I am in the second group, the need-to-know group. I need to know how things work, why things break, what is causing it and how we can prevent it from happening again. I understand that issues that halt production need a direct fix, but it should not stop IT from diving into the why. I did my fair share of issue resolving, troubleshooting in my 25 years of consultancy. I missed birthday parties, beach vacations and weekends.

Let us get into the art to master, troubleshooting.

Fast-forward solving

The fast-forward method in a nutshell; when something stops working, we will restart it, kick it, restart services, restart computers, unplug cables, whatever it takes, hoping it will magically start working again. Or we create scripts to overcome the issues at hand. If a component expects value x. I will make sure value x is present when the service starts. It does solve the issue of something not working, I must give them that. Under pressure of management demanding for a fix, any fix is a fix. It will not get the price for the most beautiful solution, but we are moving again.

The root cause is not going away.

Something is simmering in the background, and we applied band aid on the issue so it will keep running.
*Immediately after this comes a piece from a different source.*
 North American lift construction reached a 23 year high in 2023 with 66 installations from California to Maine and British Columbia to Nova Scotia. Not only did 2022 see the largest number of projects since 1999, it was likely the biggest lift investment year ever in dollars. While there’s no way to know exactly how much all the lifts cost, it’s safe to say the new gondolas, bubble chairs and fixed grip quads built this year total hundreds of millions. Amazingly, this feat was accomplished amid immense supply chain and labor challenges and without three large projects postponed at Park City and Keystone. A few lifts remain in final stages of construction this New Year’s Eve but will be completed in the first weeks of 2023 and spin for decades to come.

That simmering fire in the background may grow, my flare up again. The band aid may not be big enough this time. Nothing happens out of nothing, nothing.
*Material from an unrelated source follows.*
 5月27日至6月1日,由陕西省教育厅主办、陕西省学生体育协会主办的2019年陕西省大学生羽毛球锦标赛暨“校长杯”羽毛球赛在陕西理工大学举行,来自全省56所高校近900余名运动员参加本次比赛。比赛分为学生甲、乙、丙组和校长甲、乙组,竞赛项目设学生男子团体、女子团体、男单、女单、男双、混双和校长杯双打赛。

Something causes the service to stop, the computer to fail, the connection to drop, and all you did is create a workaround. Anytime soon it could happen again, from a different angle, with more impact.
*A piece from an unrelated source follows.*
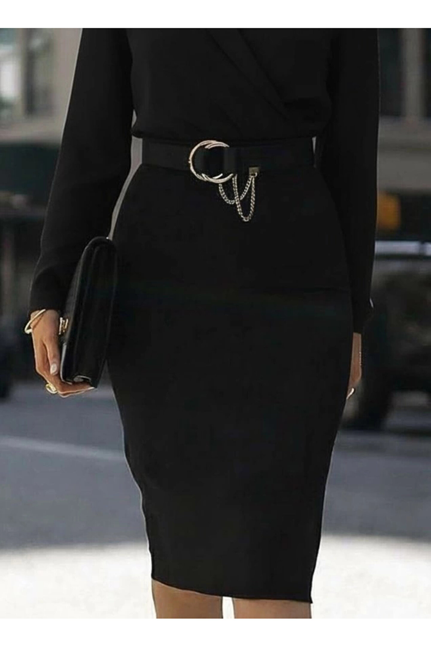 babatr.com Kadın Uzun Kollu Kruvaze Yaka Janjan Krep Midi Elbise

If you do not understand why it happened, the issue is not resolved. It is like replacing a power cable when it catches fire due to overheating but not taking away devices that led to the overheating. Not fixing the root cause is like blocking a river and just hoping water does not just flow around it. It will come back to haunt you, and the next issue could be more damaging to production. The image of Krka in Croatia is telling how water does not care about obstacles. I often think of fixes like a beaver dam, they can block rivers but the water behind them is not going away, it is blocked and will cause an issue elsewhere.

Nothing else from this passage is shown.